Task to complete -> The entries below are to be copied exactly, with every picture left out.

Exercise data ->
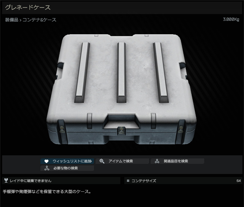 | Grenade case 「Grenades」 | 3.000 | 3x3 | 64 (8x8) | 611% | グレネード UZRGM grenade fuze グレネードランチャー用弾薬 |
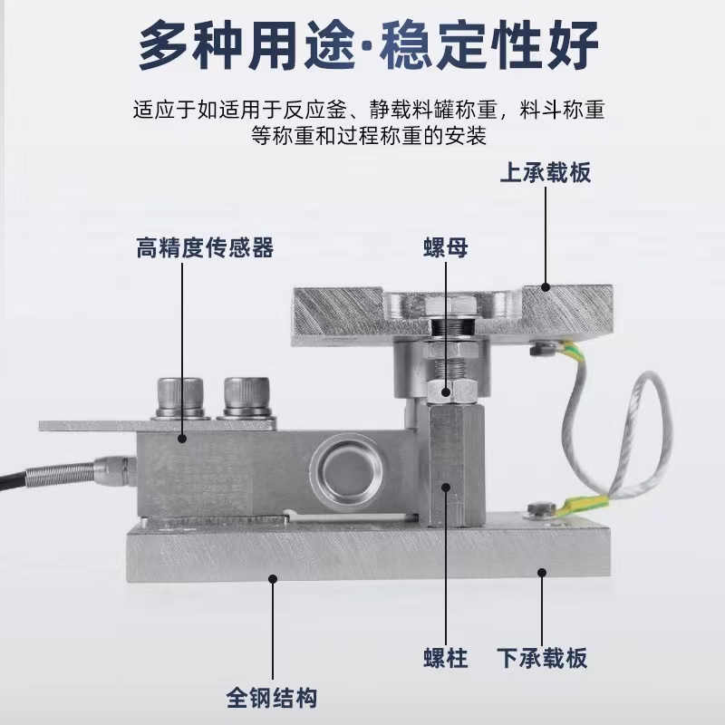 柯力防爆SB-5T/7.5T/8T称重模块传感器维修方便,若传感器损坏,可以调节支承撑螺杆将秤体顶起,不必拆除称重模块的系统既可以保证称重传感器精度高,长期稳定性好的特点,又解决了因安装不当而造成的称重误差。使用称重模块的设备测量通常能达到优于万分之五的测重精度。
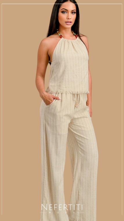 Conjunto Blusa Pantalon halter rayas Avena Negro D7190
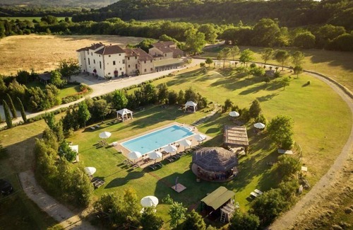 In the Tuscan countryside, next to Arezzo, the Santa Margherita Relais, offers its guests the possibility to discover the beauties of the area lodging in a suggestive and ancient building. The palace, expertly restored, is composed by seven highly comfortable flats. Each of them has a double bed plus a single bed, fully equipped kitchen, Sat TV with HD system, independent heating and a charming fireplace for winter nights. The ancient building is surrounded by five acres of fully fenced garden equipped with a beautiful swimming pool, pergola and a pizza oven with barbecue where the guests can enjoy a glass of red wine during summer evenings.
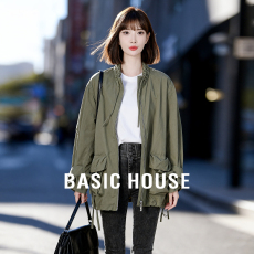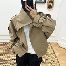 宅宅athome//米兰画报 韩系立领短款风衣经典宽松收腰外套
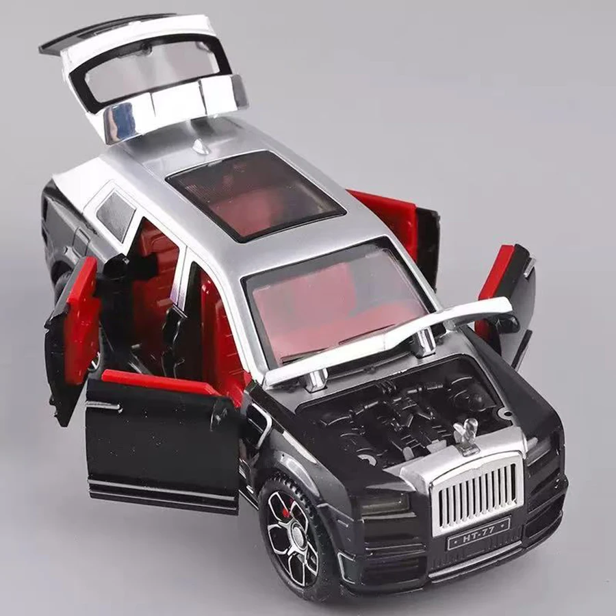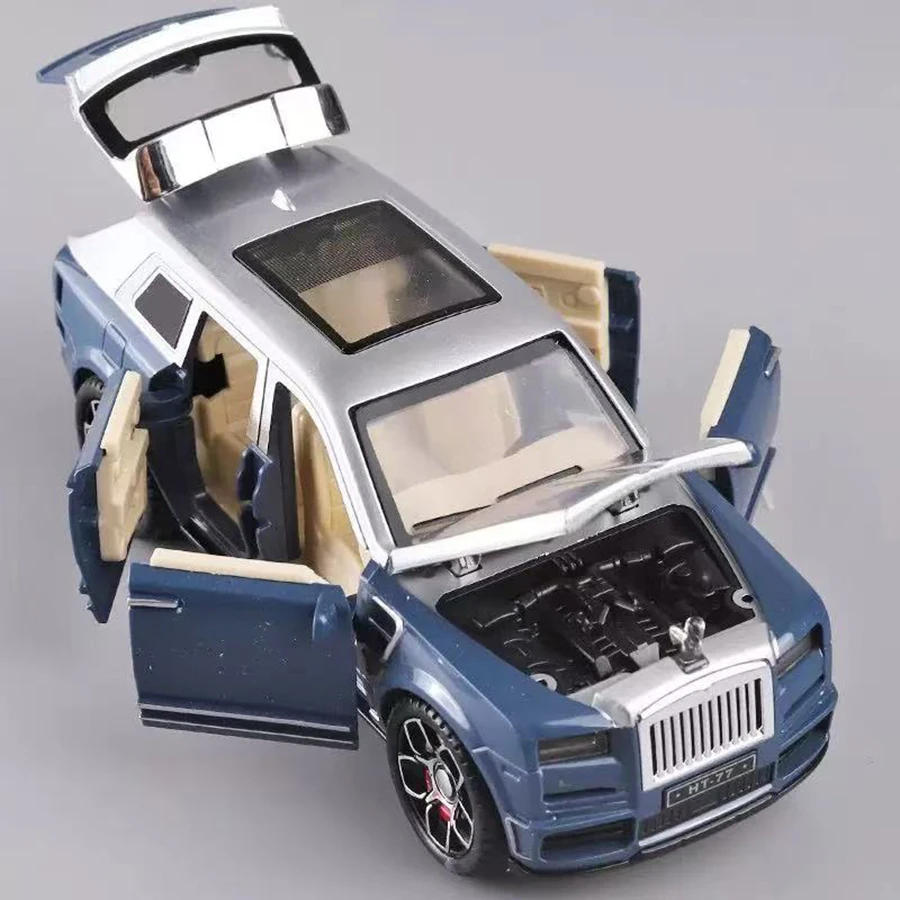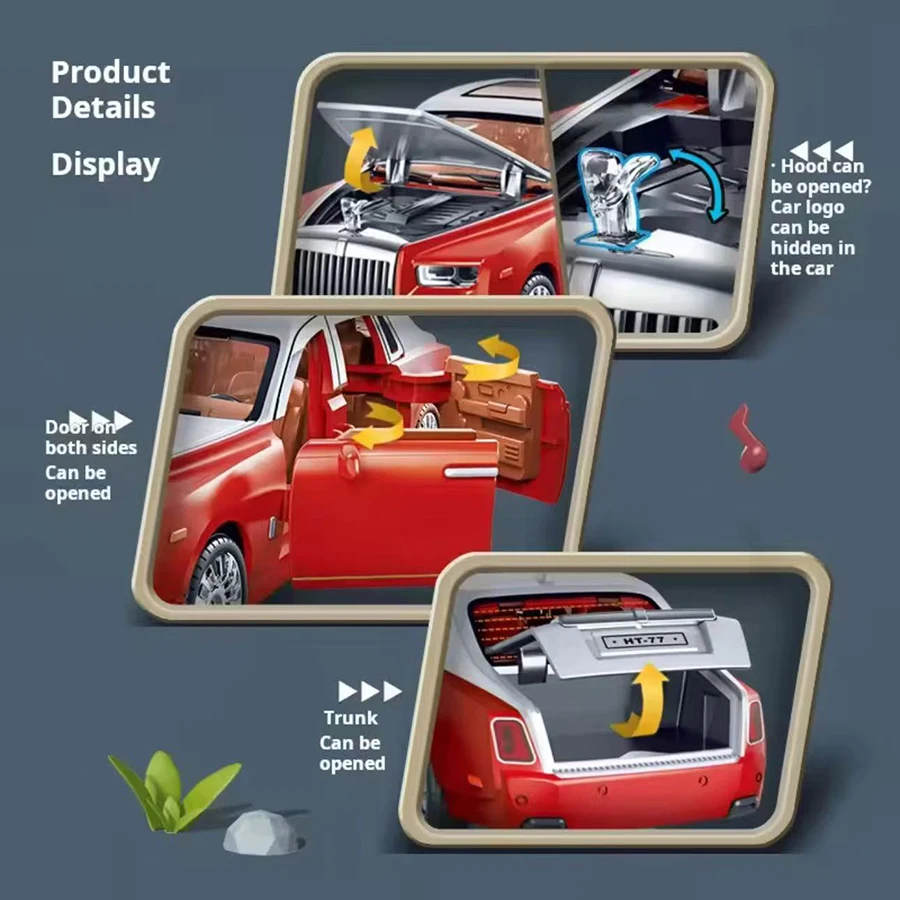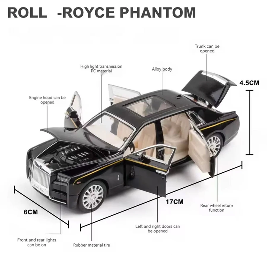 Experience the elegance of a luxury sedan with this 1:24 scale replica of the Rolls-Royce Phantom, crafted from durable PVC plastic. Available in striking red, calming sky blue, pristine white, sophisticated gray, classic black, and playful pink, this model boasts detailed features including a front grille, headlights, side mirrors, styled wheels, and fully functional doors, hood, and trunk. Enhancing its realism, it includes flashing headlights, sound effects, and glowing lighting activated by a touch area on the roof. Perfect for collection or display, this non-electric toy is suitable for ages 4 to 12 and offers a sophisticated, premium aesthetic.
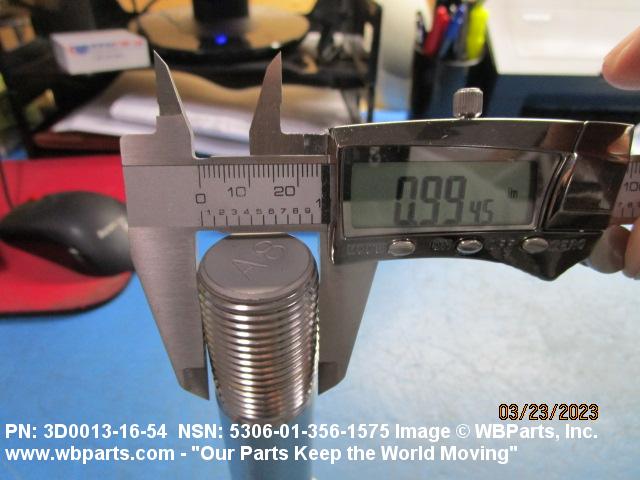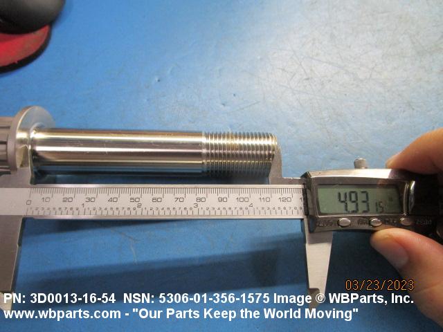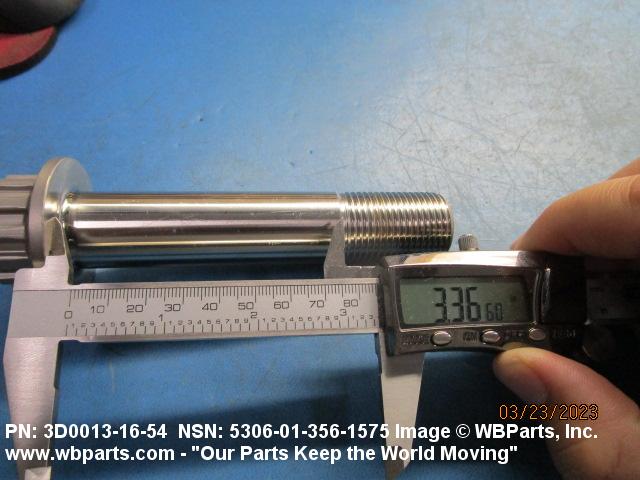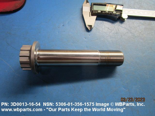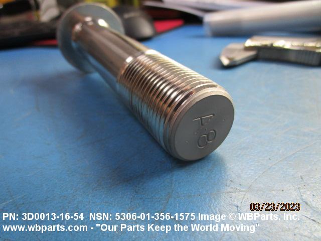 5306-01-356-1575 A high strength, 160,000 pounds per square inch (1100 megapascals) minimum tensile strength externally threaded fastener designed for use in applications involving great shear stress. The head is designed to accommodate an external wrench or driver. The head is not designed to be held or driven with an inserted driver, nor is it designed for rotation by the thumb and fingers. The unthreaded portion is of specific grip length, plated or unplated, and is machined to a tolerance of one thousandth (0.001) of an inch (0.025 mm) or less of a specific diameter for items one inch (25 mm) or less in diameter. Items over one inch (25 mm) in diameter shall have a tolerance of fifteen ten thousandths (0.0015) of an inch (0.038 mm) or less. The nominal major diameter of the threads shall be at least one thousandth (0.001) of an inch (0.025 mm) below the minimum shank diameter, but not below the minimum major diameter for applicable class of fit, as shown in the Screw Thread Standards, FED STD H28 and/or other nationally recognized standards. A locking feature may be incorporated in the design of the head or threads. See BOLT, MACHINE and BOLT, CLEVIS.
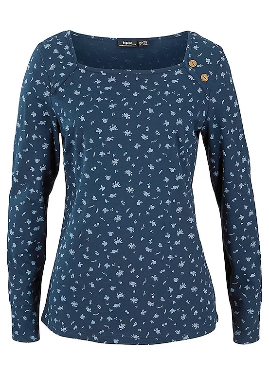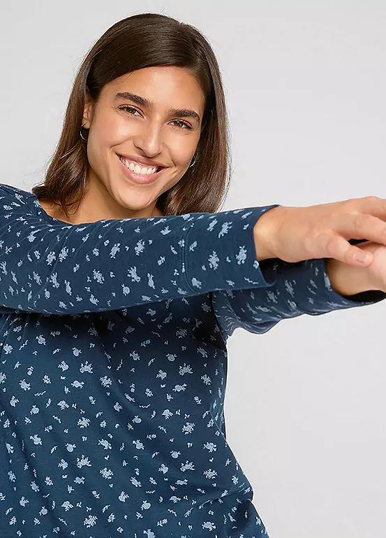 A printed long sleeve top with decorative button detail. Machine washable. 100% Cotton. Length approx. 66 cm.

Solution to this task ->
 | Grenade case 「Grenades」 | 3.000 | 3x3 | 64 (8x8) | 611% | グレネード UZRGM grenade fuze グレネードランチャー用弾薬 |
 柯力防爆SB-5T/7.5T/8T称重模块传感器维修方便,若传感器损坏,可以调节支承撑螺杆将秤体顶起,不必拆除称重模块的系统既可以保证称重传感器精度高,长期稳定性好的特点,又解决了因安装不当而造成的称重误差。使用称重模块的设备测量通常能达到优于万分之五的测重精度。
 Conjunto Blusa Pantalon halter rayas Avena Negro D7190
 In the Tuscan countryside, next to Arezzo, the Santa Margherita Relais, offers its guests the possibility to discover the beauties of the area lodging in a suggestive and ancient building. The palace, expertly restored, is composed by seven highly comfortable flats. Each of them has a double bed plus a single bed, fully equipped kitchen, Sat TV with HD system, independent heating and a charming fireplace for winter nights. The ancient building is surrounded by five acres of fully fenced garden equipped with a beautiful swimming pool, pergola and a pizza oven with barbecue where the guests can enjoy a glass of red wine during summer evenings.
 宅宅athome//米兰画报 韩系立领短款风衣经典宽松收腰外套
 Experience the elegance of a luxury sedan with this 1:24 scale replica of the Rolls-Royce Phantom, crafted from durable PVC plastic. Available in striking red, calming sky blue, pristine white, sophisticated gray, classic black, and playful pink, this model boasts detailed features including a front grille, headlights, side mirrors, styled wheels, and fully functional doors, hood, and trunk. Enhancing its realism, it includes flashing headlights, sound effects, and glowing lighting activated by a touch area on the roof. Perfect for collection or display, this non-electric toy is suitable for ages 4 to 12 and offers a sophisticated, premium aesthetic.
 5306-01-356-1575 A high strength, 160,000 pounds per square inch (1100 megapascals) minimum tensile strength externally threaded fastener designed for use in applications involving great shear stress. The head is designed to accommodate an external wrench or driver. The head is not designed to be held or driven with an inserted driver, nor is it designed for rotation by the thumb and fingers. The unthreaded portion is of specific grip length, plated or unplated, and is machined to a tolerance of one thousandth (0.001) of an inch (0.025 mm) or less of a specific diameter for items one inch (25 mm) or less in diameter. Items over one inch (25 mm) in diameter shall have a tolerance of fifteen ten thousandths (0.0015) of an inch (0.038 mm) or less. The nominal major diameter of the threads shall be at least one thousandth (0.001) of an inch (0.025 mm) below the minimum shank diameter, but not below the minimum major diameter for applicable class of fit, as shown in the Screw Thread Standards, FED STD H28 and/or other nationally recognized standards. A locking feature may be incorporated in the design of the head or threads. See BOLT, MACHINE and BOLT, CLEVIS.
 A printed long sleeve top with decorative button detail. Machine washable. 100% Cotton. Length approx. 66 cm.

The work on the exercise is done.